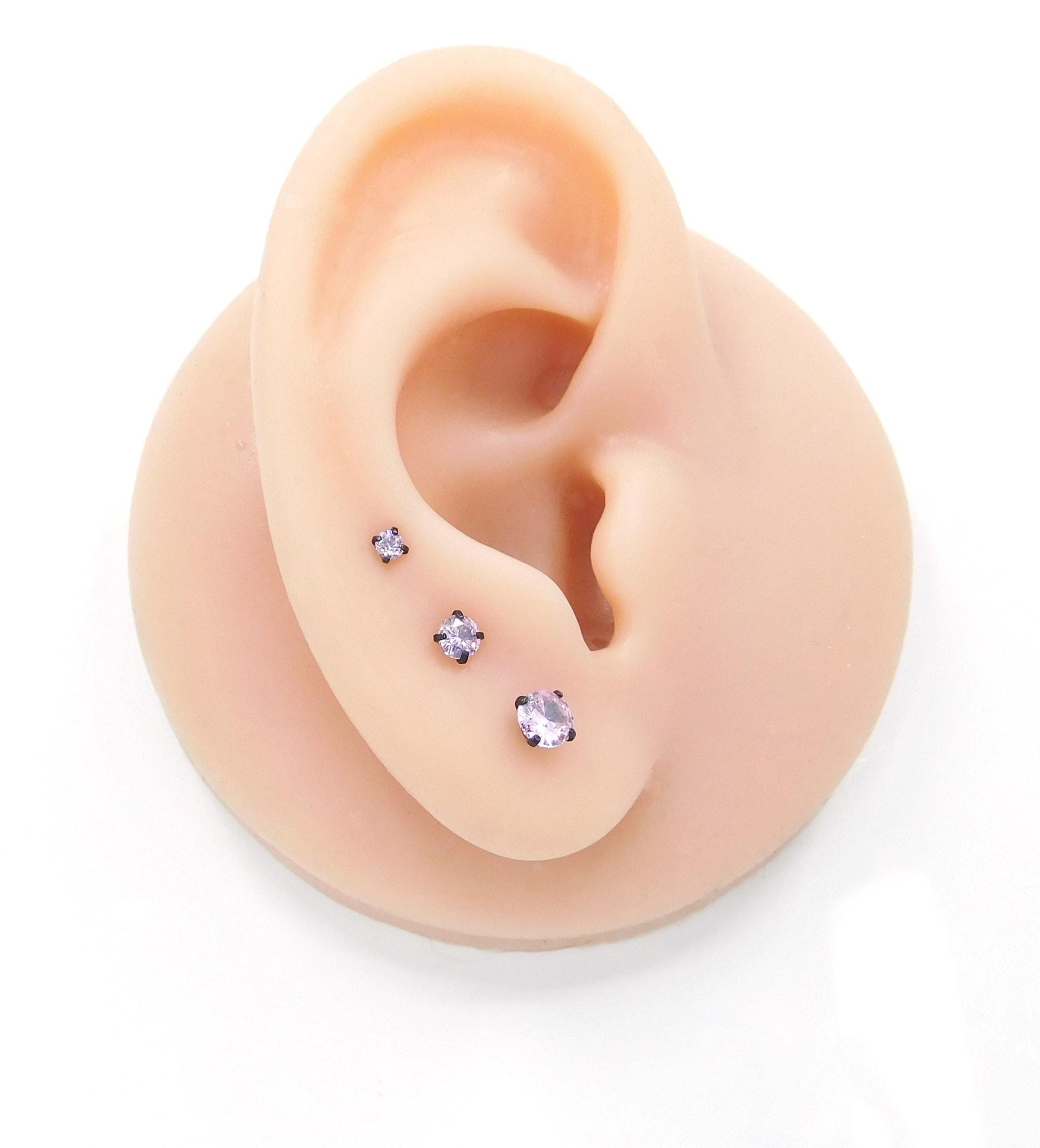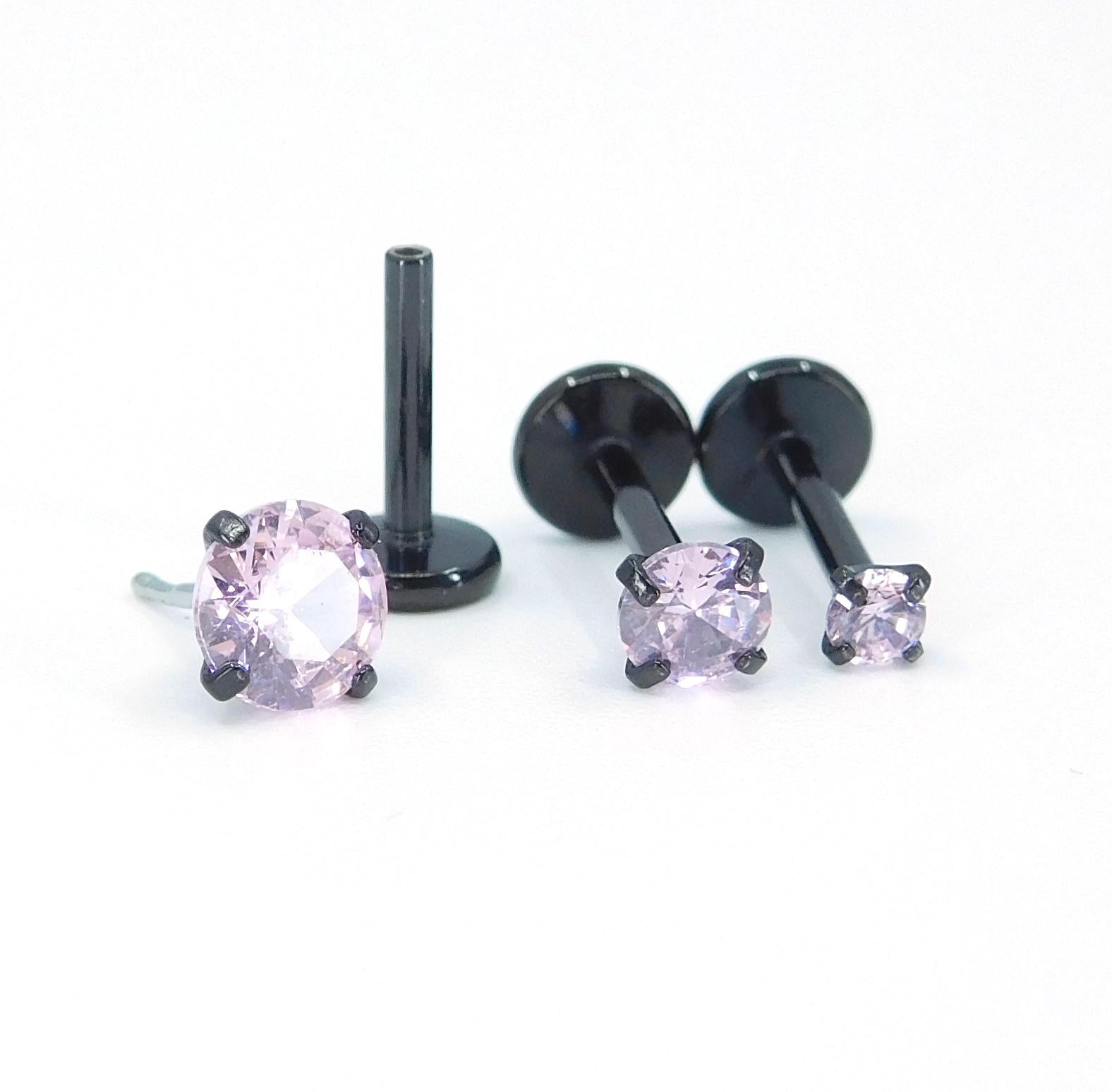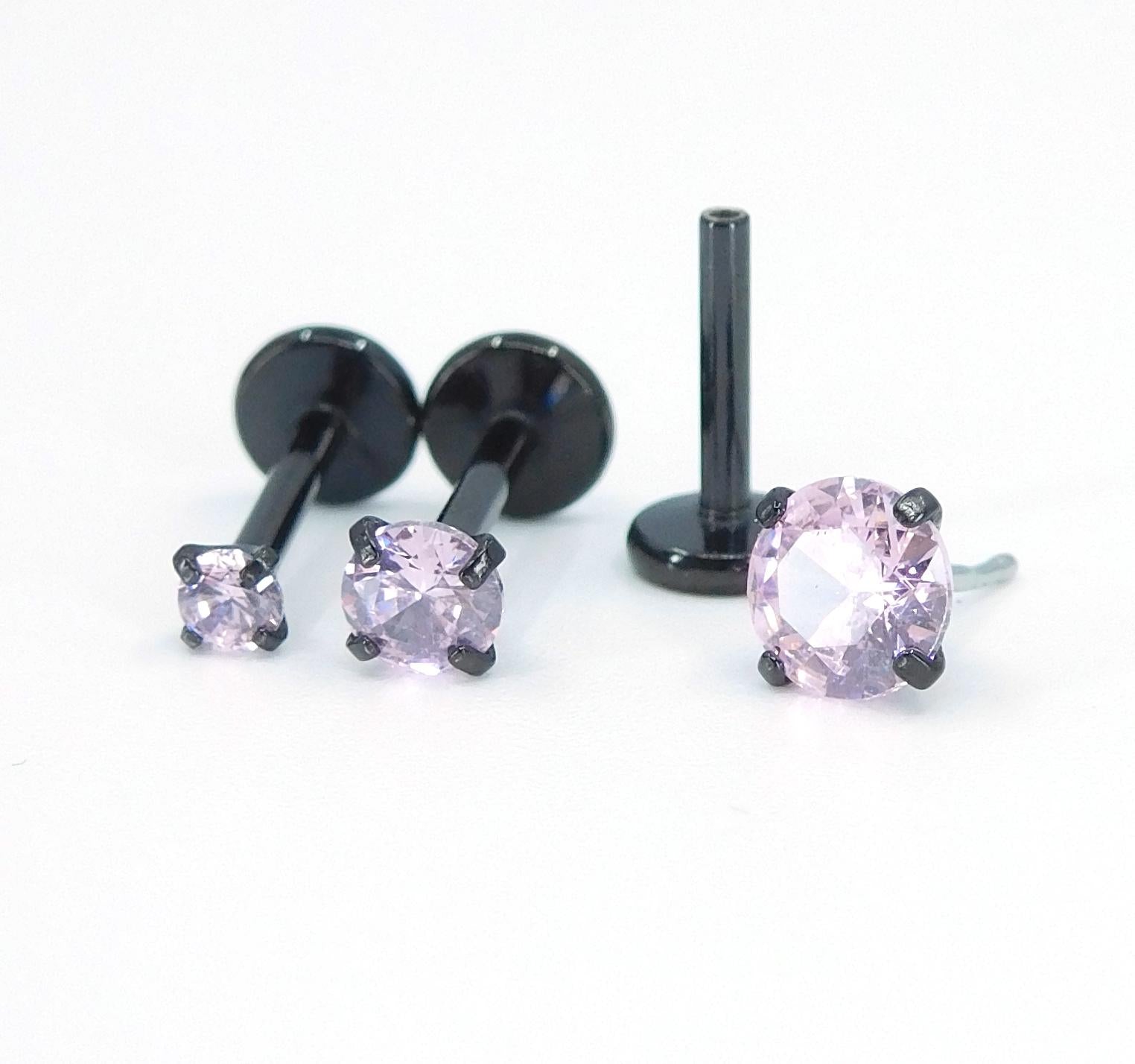 16G, 18G, 20G Pink Threadless Stud Earrings, Cartilage Cubic Zirconia Tragus Rings, Prong Set Pink CZ Black PVD Flat Back Labret Nose Ring
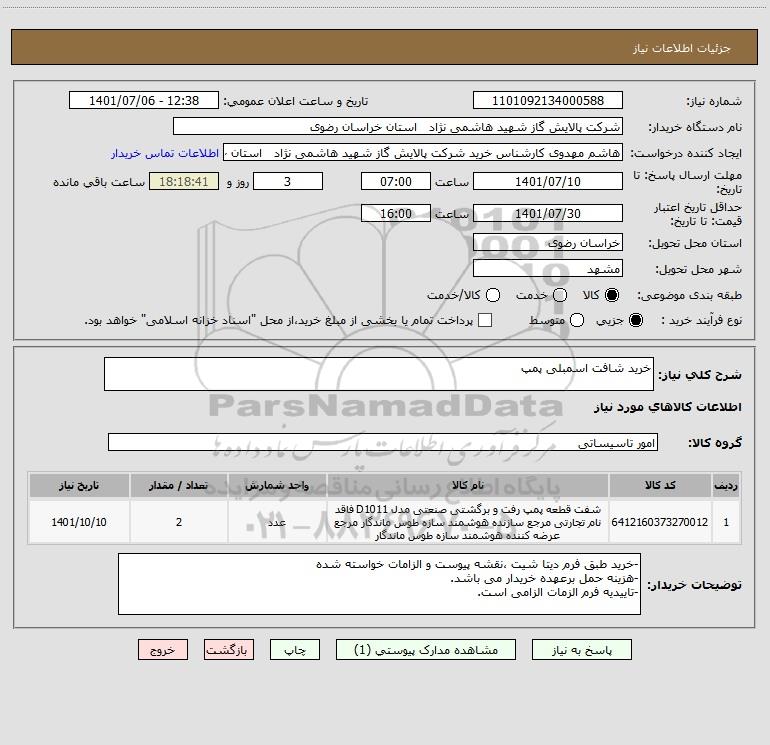 شرح کلی نیاز: خرید شافت اسمبلی پمپ
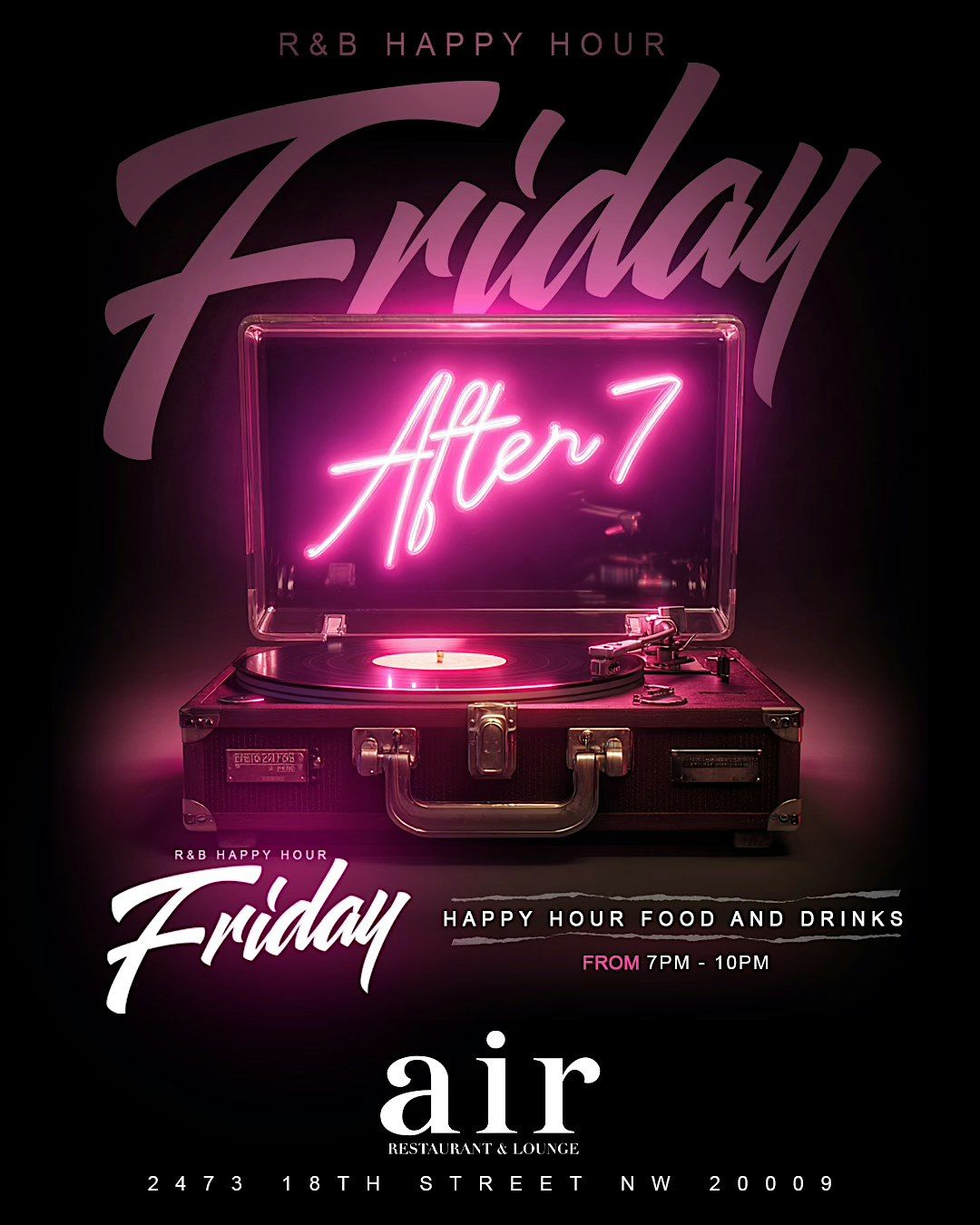 After Seven is a weekly R&B-driven happy hour designed for a smooth start to Friday night. From 7PM–10PM, guests are invited to unwind in an elevated lounge setting with curated R&B sounds, a grown crowd, and a relaxed, intentional vibe.
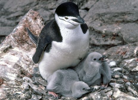 Pinguinii Chinstrap se pot distinge prin dunga neagra de pe fata, parand ca poarta o cascheta prinsa sub barbie. Picioarele sunt portocalii si spatele este negru, la fel ca ochii. Masoara 68 cm si cantaresc 4,5 kg. Numara in jur de 5 milioane de perechi. Traiesc in zonele sub-antarctice, insulele Antarctice si Peninsula Antarctica.

§ §

_THE PROBLEM_: Output only the lines from the start of the data through the line that holds "After Seven is". Keep them exact and leave the pictures out.

_ANSWER SPACE_:
 16G, 18G, 20G Pink Threadless Stud Earrings, Cartilage Cubic Zirconia Tragus Rings, Prong Set Pink CZ Black PVD Flat Back Labret Nose Ring
 شرح کلی نیاز: خرید شافت اسمبلی پمپ
 After Seven is a weekly R&B-driven happy hour designed for a smooth start to Friday night. From 7PM–10PM, guests are invited to unwind in an elevated lounge setting with curated R&B sounds, a grown crowd, and a relaxed, intentional vibe.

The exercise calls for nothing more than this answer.